Made from a tough polymer, the Butler Creek stock will accept both the barreled carbine action with its trademark barrel band, and the newer rifle version with the free-floating barrel like mine. Just to see how tough this material really is, I deliberately left the gun uncased on the floor of my pickup truck on a recent jaunt to the boondocks, driving over what can only generously be called a "road" in 4-wheel-drive. That rifle was bounced around pretty good, and as a testament to both the stock and that Bushnell scope, at the end of the trek, there was not a scratch on the stock and the scope was still zeroed at 25 yards.

Mounting your Ruger to one of these replacement stocks is a snap. Simply remove your barreled action from the original stock by unscrewing the retaining screw in front of the magazine port and-using the same screw-fasten it to the synthetic stock. Butler Creek's stock does not interfere with the safety or any other part of the action. It fits like the proverbial glove.

Butler Creek's folding stock features a very comfortable and practical pistol grip and I discovered at the range that this setup allows a shooter to get a firm hold on the rifle, for very accurate shooting. The accompanying photo shows a group of 25 shots on that Birchwood Casey Shoot-N-C target. These were Remington .22 Long Rifle hollowpoints and, take my word for it, any rabbit, grouse, squirrel or other small target that gets in the way of this rifle, with this load, is a goner.

The Hot Lips banana magazine uses a long band-type spring that coils back to the top.
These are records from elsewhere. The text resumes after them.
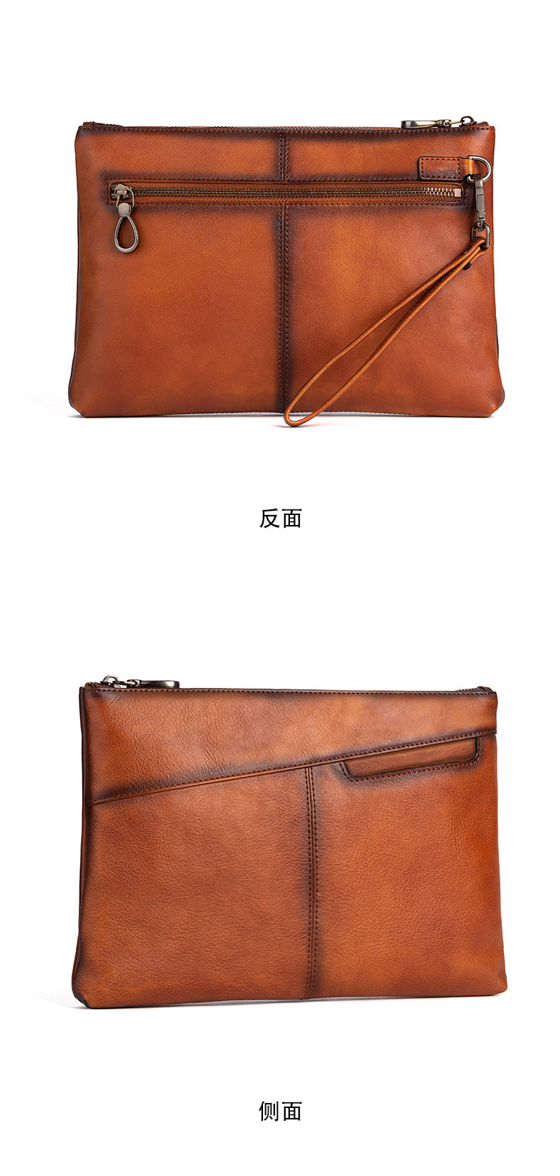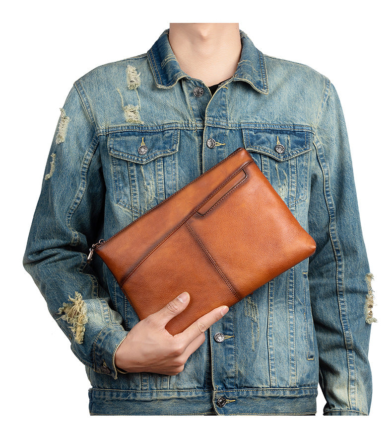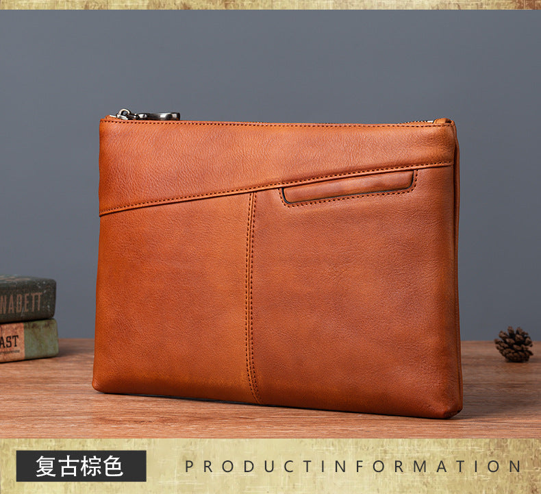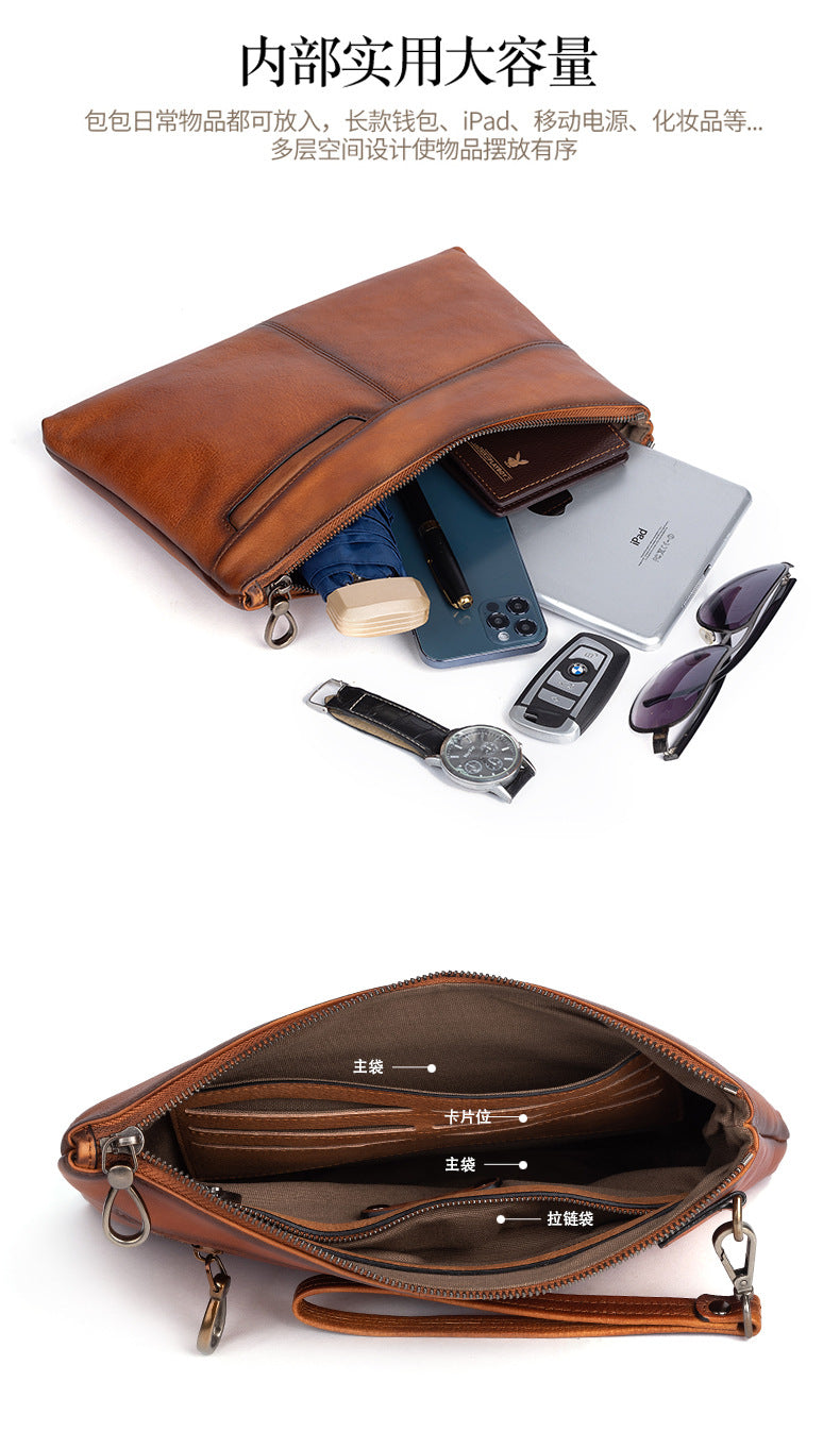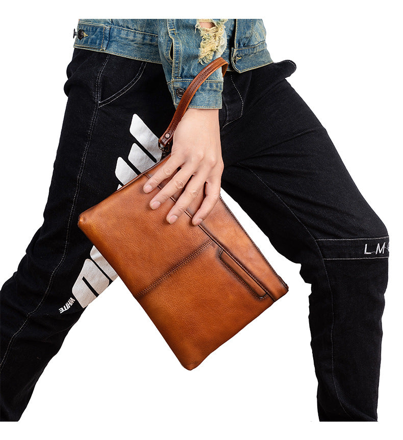 メンズ財布牛革本革製クラッチバッグレトロカジュアル男性用ハンドバッグ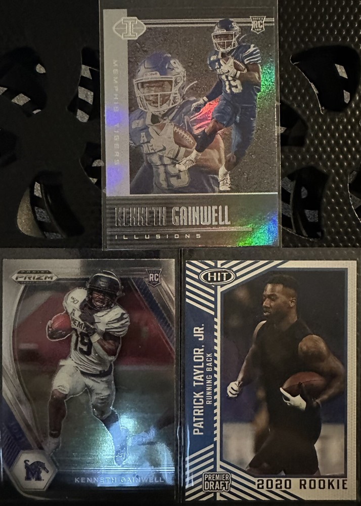 6 cards pictured included: 1. 2024 Leaf Draft On the Come Prospect Antwann Hill Jr. #OC-2. 2. 2024 Bowman Chrome U Rookie Seth Henigan #162. 3. 2018 Donruss Rookie Phenom Prizm Relic Anthony Miller #RP-AM. 4. 2021 Chronicles DP Illusions Rookie Kenneth Gainwell #121. 5. 2021 Prizm DP Rookie Kenneth Gainwell #113. 6. 2020 Sage Draft Rookie Patrick Taylor Jr. #78.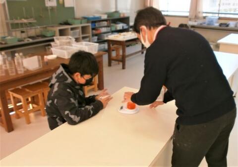 5年生が塩を水に溶かし、重さを調べる実験をしていました。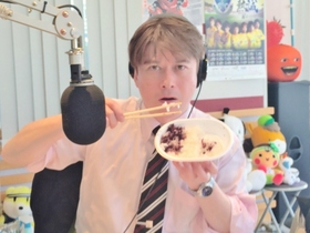 画像で示したいと思います。 年度末の水曜日は、岡田眞善さんがRBZに出演する ラストデイということで、番組恒例4時のおやつの時間は とろろが、心を込めて、眞善さんの大好きな「ゆかりご飯」を 届けようと思っていました。 ![]() ご飯に、ゆかりで「眞善」と描くのです。 紙で、丁寧に切り取って、 よしっ!あとはゆかりをこの隙間にふりかけるだけだ~ と、ドキドキしながら、サラサラサラ~ そして、いよいよ、紙をはがしたときっ!! ![]() がっびーーーーーーーん!! なにこれ!「眞善」はどこ? 信じられない形でゆかりが姿を表したのです。 こ、このままでは、眞善さんに渡せないよ~ そう思い、もう一度挑戦 ![]() こんどは、ゆかりの中に、このひらがなの文字を、 反転させる作戦。 あとは上からゆかりを全体に振り掛けて この文字をはがせば… と、計画ではきれいな文字が浮かび上がるはずが その後の写真を撮り忘れるほど、何が何だか 分からないご飯になり。 敗因は、髪にご飯がくっついてしまい ゆかり他の部分のご飯まで持って行ってしまうこと でした。 ![]() そこで、最後の手段。 表面をゆかりで染めたご飯に字を掘る…。 これも結構難しかった。ご飯がゆかりを連れて くっついてくるのだから。白くしたい部分にも ゆかりがどんどん侵入…。 もうっ! 必死で「しん」を掘り終えた時、気が付いた。 もう、「ぜ」とか掘るスペースも気力もないことを…。 そして、本番、この何が書いてあるかわからない ゆかりの「眞善」ご飯を眞善さんに食べていただくことに なったのでした(^V^)ま、いっか。 ![]() |

My test model had synthetic feed lips as opposed to Ruger's metal lips on its factory magazines, but it seemed to work pretty well right out of the box. I had two failures to feed on the first magazine-full, but subsequent shooting seemed to eliminate this problem, so it might just have been that the spring needed to be uncoiled to full capacity just once to smooth things out.

I can say without hesitation that at the earliest opportunity, I'll pick up another one of these to do exactly as Waldron suggested: Put this handy little rifle in a tough nylon case with the two big magazines and a couple of 100-round boxes of rimfires. When I travel during the winter, that rifle will be behind the seat of my truck.
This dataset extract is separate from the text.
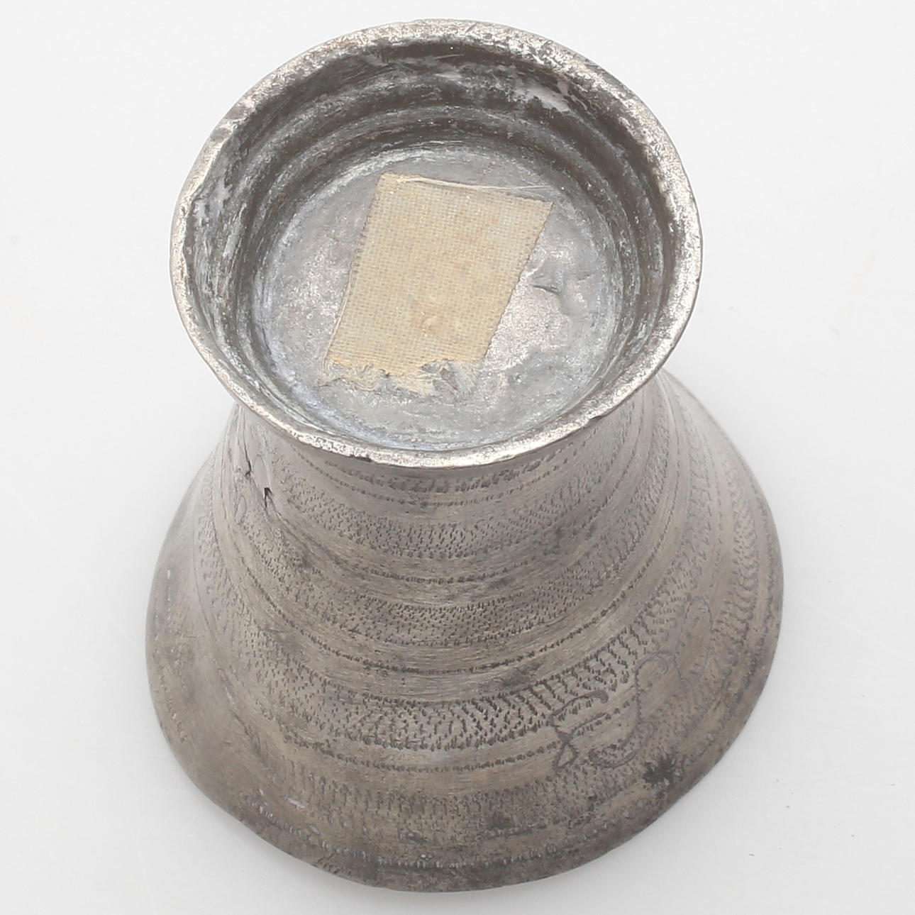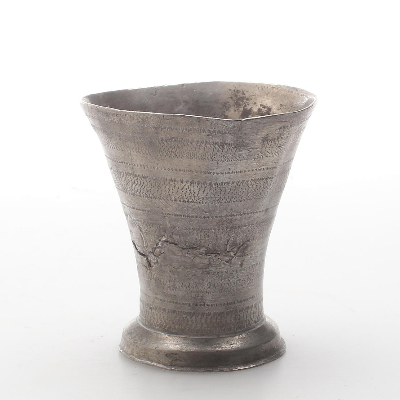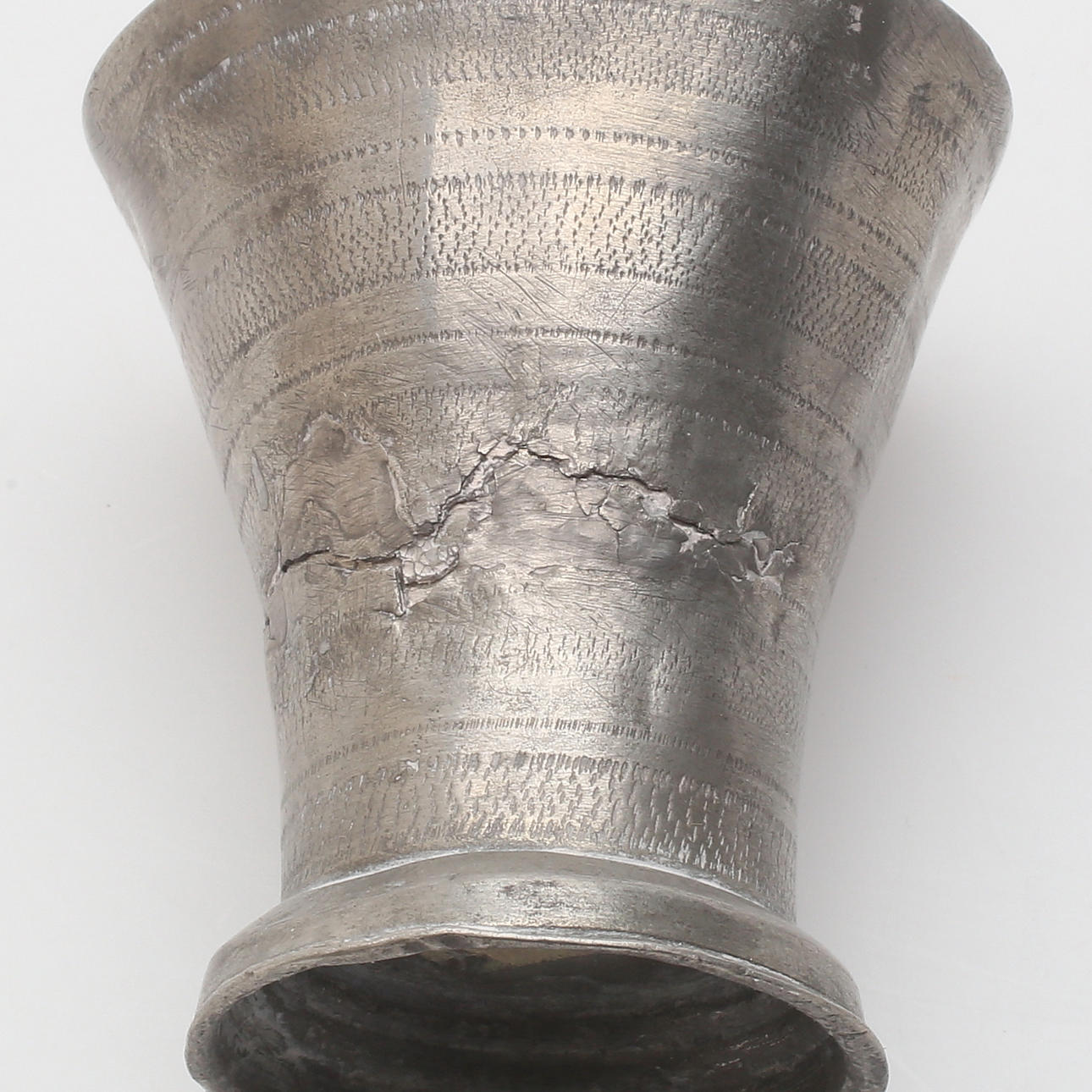Age wear, slightly uneven at top, crack on outside with repair on inside, monogram signed.

This does not mean, of course, that I am ready to abandon Ruger's factory stock and rotary magazines. Only a fool would do that, because with the wooden stock on this rifle, and the factory magazines, this is one very handsome and functional rifle. I plan to put a lot of meat in the pot with this gun, in both configurations: With the factory stock mounted, and during the winter with the folding synthetic stock on the gun.

1989-90 Demonstration
I remember back in the late 1980s and early '90s before the federal ban was passed, when a demonstration was put on for an audience that didn't know the difference between an "assault rifle" and any other semi-auto. As the audience looked on, a man took a Ruger 10/22, swapped out the factory stock for one of Butler Creek's superb replacements, added the 25-round magazine, and suddenly most people in the audience understood just how ridiculous it was to write a law that banned cosmetics.
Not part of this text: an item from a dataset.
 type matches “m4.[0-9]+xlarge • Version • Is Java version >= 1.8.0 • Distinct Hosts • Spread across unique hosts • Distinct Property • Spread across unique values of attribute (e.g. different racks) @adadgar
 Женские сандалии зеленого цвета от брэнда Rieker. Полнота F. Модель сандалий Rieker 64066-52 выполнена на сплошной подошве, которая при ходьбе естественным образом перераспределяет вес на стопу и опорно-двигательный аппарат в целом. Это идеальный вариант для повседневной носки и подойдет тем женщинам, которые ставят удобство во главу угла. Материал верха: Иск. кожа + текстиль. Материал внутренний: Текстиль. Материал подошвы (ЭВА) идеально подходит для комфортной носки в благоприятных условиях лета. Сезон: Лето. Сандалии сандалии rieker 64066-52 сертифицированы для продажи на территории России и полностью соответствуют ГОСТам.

I've recently been told by someone looking at the rifle with the folding stock: "That doesn't look like a hunting rifle." My response was pretty blunt: "Well, it's the same gun, the same ammunition, the same scope, and you can hunt with this."

Can you imagine this rifle on the plains of Montana where prairie dogs are an abundant pest?

Butler Creek manufacturers several synthetic replacement stocks for the Ruger 10/22. Over the years, they have earned a reputation for durability and longevity.